Volaron ladrillos, piedras y tubos de plástico contra taxis

Todavía falta cuantificar las pérdidas económicas, tanto por los daños como por los cierres de negocios en el sitio.
Los civiles pedían que los choferes se retiraran de la avenida.
Los civiles pedían que los choferes se retiraran de la avenida. (Nacho Reyes)

Guadalajara

Piedras, palos, tubos de PVC y otros objetos volaron por el aire. El blanco principal fueron casi una decena de taxis que ayer participaron en el megaparo de miles de taxistas contra la regularización de las Empresas de Redes de Transporte (ERT) en el Centro Histórico de Guadalajara.

El enojo no pudo más con un grupo de civiles, a quienes la autoridad identifica como “gente que opera a los alrededores de la Plaza de la Tecnología” y quienes se enfrascaron en un enfrentamiento contra los taxistas que participaban en su marcha.

“¡Lárguense!”, les gritaron los civiles a los choferes de los carros amarillos y el conflicto inició cerca de las 13:30 horas justo al ingreso de la Plaza de la Tecnología, situada sobre 16 de Septiembre.

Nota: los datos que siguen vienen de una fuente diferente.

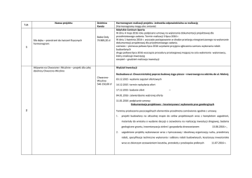 L.p. Nazwa projektu Siła dębu – przestrzeń do ćwiczeń fizycznych harmonogram: Dzielnica Kwota Babie Doły 74 869,20 zł 1 Aktywnie na Chwarznie i Wiczlinie – projekt dla całej dzielnicy Chwarzno-Wiczlino Harmonogram realizacji projektu Jednostka odpowiedzialna za realizację (Harmonogramy mogą ulec zmianie) Gdyńskie Centrum Sportu W dniu 4 maja 2016 roku podpisano umowę na wykonanie dokumentacji projektowej dla przedmiotowego zadania. Termin realizacji 3 lipca 2016 r. W dniu 1 kwietnia 2016 r. wszczęto postępowanie w drodze przetargu nieograniczonego na wykonanie dokumentacji projektowej dla przedmiotowego zadania. czerwiec – pierwsza połowa lipca 2016 uzyskanie przyjęcia zgłoszenia zamiaru wykonania robót budowlanych druga połowa lipca 2016 wszczęcie procedury przetargowej mającej na celu wyłonienie wykonawcy, który zrealizuje inwestycję sierpień – grudzień realizacja inwestycji Wydział Inwestycji Rozbudowa ul. Chwarznieńskiej poprzez budowę ciągu pieszo – rowerowego na odcinku do ul. Mokrej. ChwarznoWiczlino 546 150,00 zł 03.12.2015 wysłanie zapytań ofertowych 14.12.2015 termin nadsyłania ofert 17.12.2015 badanie ofert – 04.01.2016 zatwierdzenie wybranej oferty 11.01.2016 podpisanie umowy Dokumentacja projektowo – kosztorysowa i wykonanie prac geodezyjnych 2 Terminy przekazania poszczególnych elementów przedmiotu zamówienia zgodnie z umową: 1. projekt budowlany na aktualnej mapie do celów projektowych wraz z kompletem uzgodnień, materiały do wniosku o wydanie decyzji o zezwoleniu na realizację inwestycji drogowej, badania geologiczne gruntu, inwentaryzacja zieleni i gospodarka drzewostanem 2. 13.06.2016 r., uzgodnione projekty wykonawcze wraz z tymczasową i docelową organizacją ruchu, przedmiary robót, specyfikacje techniczne wykonania i odbioru robót budowlanych, kosztorysy inwestorskie wraz ze zbiorczym zestawieniem kosztów, protokoły z przekopów próbnych 11.07.2016 r. 3. potwierdzone projekty podziału do wniosku o zgodę na realizację inwestycji drogowej (ZRID) – 11.05.2016 4. weryfikacja projektu budowlanego i złożenie wniosku ZRID – 13.07.2016 r. 5. weryfikacja projektów wykonawczych, KI i ST – 11.08.2016 r. 6. uzyskanie decyzji ZRiD – 3 miesiące od złożenia wniosku – 13.10.2016 r. Ustalenie terminu realizacji prac budowlanych będzie możliwe po wykonaniu dokumentacji projektowej Gdyńskie Centrum Sportu Budowa siłowni zewnętrznej przy ul. Okrężnej W dniu 4 maja 2016 r. podpisano umowę na wykonanie dokumentacji projektowej dla przedmiotowego zadania. Termin realizacji: 3 lipca 2016 roku. W przygotowaniu przetarg nieograniczony na wykonanie dokumentacji projektowej. marzec – maj 2016 przygotowanie dokumentacji projektowej - wraz z uzyskaniem niezbędnych uzgodnień z uwzględnieniem uwag wnioskodawców; sprawdzenie dokumentacji czerwiec – pierwsza połowa lipca 2016 uzyskanie przyjęcia zgłoszenia zamiaru wykonania robót budowlanych druga połowa lipca 2016 wszczęcie procedury przetargowej mającej na celu wyłonienie wykonawcy, który zrealizuje inwestycję sierpień – grudzień 2016 realizacja inwestycji Gdyńskie Centrum Sportu budowa boiska o nawierzchni poliuretanowej i skoczni w dal wraz z wyposażeniem Aktywna Chylonia 3 4 Cisowa PlayGround Chylonia 350 000,00 zł Cisowa 258 680,00 zł Aktualnie trwa etap wykonania dokumentacji projektowej. W dniu 30 marca 2016 r. podpisano umowę na wykonanie dokumentacji projektowej dla przedmiotowej inwestycji. Planowany termin wykonania dokumentacji: 20 czerwca 2016 roku. czerwiec – pierwsza połowa lipca 2016 uzyskanie przyjęcia zgłoszenia zamiaru wykonania robót budowlanych druga połowa lipca 2016 wszczęcie procedury przetargowej mającej na celu wyłonienie wykonawcy, który zrealizuje inwestycję sierpień – grudzień 2016 realizacja inwestycji Zarząd Dróg i Zieleni zadanie inwestycyjne Podpisana została umowa z wykonawcą dokumentacji projektowo- kosztorysowej. Termin wykonania 21.05.2016r. Wystąpiono do Wydz. Gosp. Nieruch. o zawarcie umowy użyczenia . Uzyskano mapę do celów informacyjnych. Rozpoczęte zostało postepowanie o zamówienie publiczne na wybór wykonawcy dokumentacji projektowo-kosztorysowej. do 30. 05.2016 projekt i zgłoszenie robót budowlanych do Wydz. Arch. - Bud. 30.06.2016 przetarg, zawarcie umowy z wykonawcą 30.09.2016 realizacja w terenie Gdyńskie Centrum Sportu 5 Mini Boisko Szkolne przy ZWE nr 1 Gdynia Dąbrowa, ul. Wiczlińska Dąbrowa 187 000,00 zł W dniu 19 kwietnia 2016 roku wszczęto postępowanie w trybie przetargu nieograniczonego dotyczące wykonania dokumentacji projektowej dla przedmiotowego zadania. W dniu 29 kwietnia 2016 roku nastąpiło otwarcie ofert. Obecnie trwa sprawdzanie ofert. W dniu 4 maja 2016 roku podpisano umowę na wykonanie dokumentacji projektowej dla przedmiotowego zadania. Termin realizacji: 23 lipca 2016 roku W przygotowaniu przetarg nieograniczony na wykonanie dokumentacji projektowej. marzec – maj 2016 Przygotowanie dokumentacji projektowej - wraz z uzyskaniem niezbędnych uzgodnień z uwzględnieniem uwag wnioskodawców; sprawdzenie dokumentacji czerwiec – lipiec 2016 uzyskanie pozwolenia na budowę sierpień 2016 wszczęcie procedury przetargowej mającej na celu wyłonienie wykonawcy, który zrealizuje inwestycję wrzesień – grudzień 2016 realizacja inwestycji Gdyńskie Centrum Sportu budowa boiska o nawierzchni poliuretanowej i skoczni w dal wraz z wyposażeniem 6 Rozbudowa terenów sportowych w Zespole Szkół nr 14 Boisko z bezpieczną nawierzchnią przy Gimnazjum nr 2 7 Dąbrowa 50 000,00 zł Działki Leśne 119 891,00 zł W dniu 1 kwietnia 2016 r. wpłynęła decyzja o ustaleniu inwestycji celu publicznego. W przygotowaniu przetarg nieograniczony na wykonanie dokumentacji projektowej. czerwiec – pierwsza połowa lipca 2016 uzyskanie przyjęcia zgłoszenia zamiaru wykonania robót budowlanych druga połowa lipca 2016 wszczęcie procedury przetargo

Las palabras se quedaron cortas y comenzaron las agresiones físicas, “quiébrale los vidrios”, gritó uno de los jóvenes, al mismo tiempo, otro individuo golpeó en cinco ocasiones el cristal lateral de uno de los taxis hasta que logró romperlo, acción que celebraron sus compañeros.

Taxistas reaccionaron igual con violencia, retaron y lanzaron objetos a los sujetos que en ese momento ya estaban armados con tubos de PVC y algunos palos.

“¡Déjate venir cabrón!”, gritó un taxista, invitación a la cual no se negó uno de los jóvenes que acertó un golpe frontal con el tubo de plástico que portaba, pero cuando regresaba triunfante a su guarida, el interior de la plaza, no pudo esquivar la pedrada que lanzó otro de los ruleteros y le impactó de lleno en el costado izquierdo del torso.

Un policía de Guadalajara se colocó de manera valiente en medio de ambos bandos, con las manos extendidas y confiado a que los rijosos respetarían su uniforme trató de calmar los ánimos, pero no fue suficiente, la cantidad de proyectiles que salían disparados de un lado a otro se incrementó de manera considerable.

Justo en ese instante las cosas se salieron de control.

Por un momento los taxistas se sintieron vencedores y continuaron lanzando objetos contra los muros y cristales de los locales de la plaza sin percibir respuesta alguna.

En menos de un minuto la dinámica cambió, desde lo alto de la plaza comenzaron a volar los objetos más primitivos que había en el lugar, ladrillos y piedras del tamaño de una caja de zapatos, arrojaron también extintores, sillas y otros artículos, la mayoría impactó contra los pocos vehículos que no fueron retirados del lugar, aunque también resultaron afectadas luminarias, mobiliario público y algunas personas entre ellas una oficial tapatía, algunos comerciantes, una reportera y varios taxistas, ninguno de ellos con lesiones de gravedad.

El enfrentamiento se prolongó por más de 15 minutos hasta que los antimotines ya eran suficientes en número como para asustar a cualquiera, la estrategia entonces fue conformar un cerco de dos calles a la redonda de la plaza y desalojar el inmueble, después entrar por quienes ahí se resguardaban.

“Son personas que operan alrededor de la zona”, señaló Eduardo Almaguer, fiscal general de Jalisco, mismo que confirmó haber desplegado 400 efectivos para tomar el control del lugar, mientras tanto, los taxistas dieron por terminada la manifestación que se vio opacada y desplazada mediáticamente por los actos violentos, que una vez más, fueron los protagonistas en el primer cuadro del Centro de la ciudad.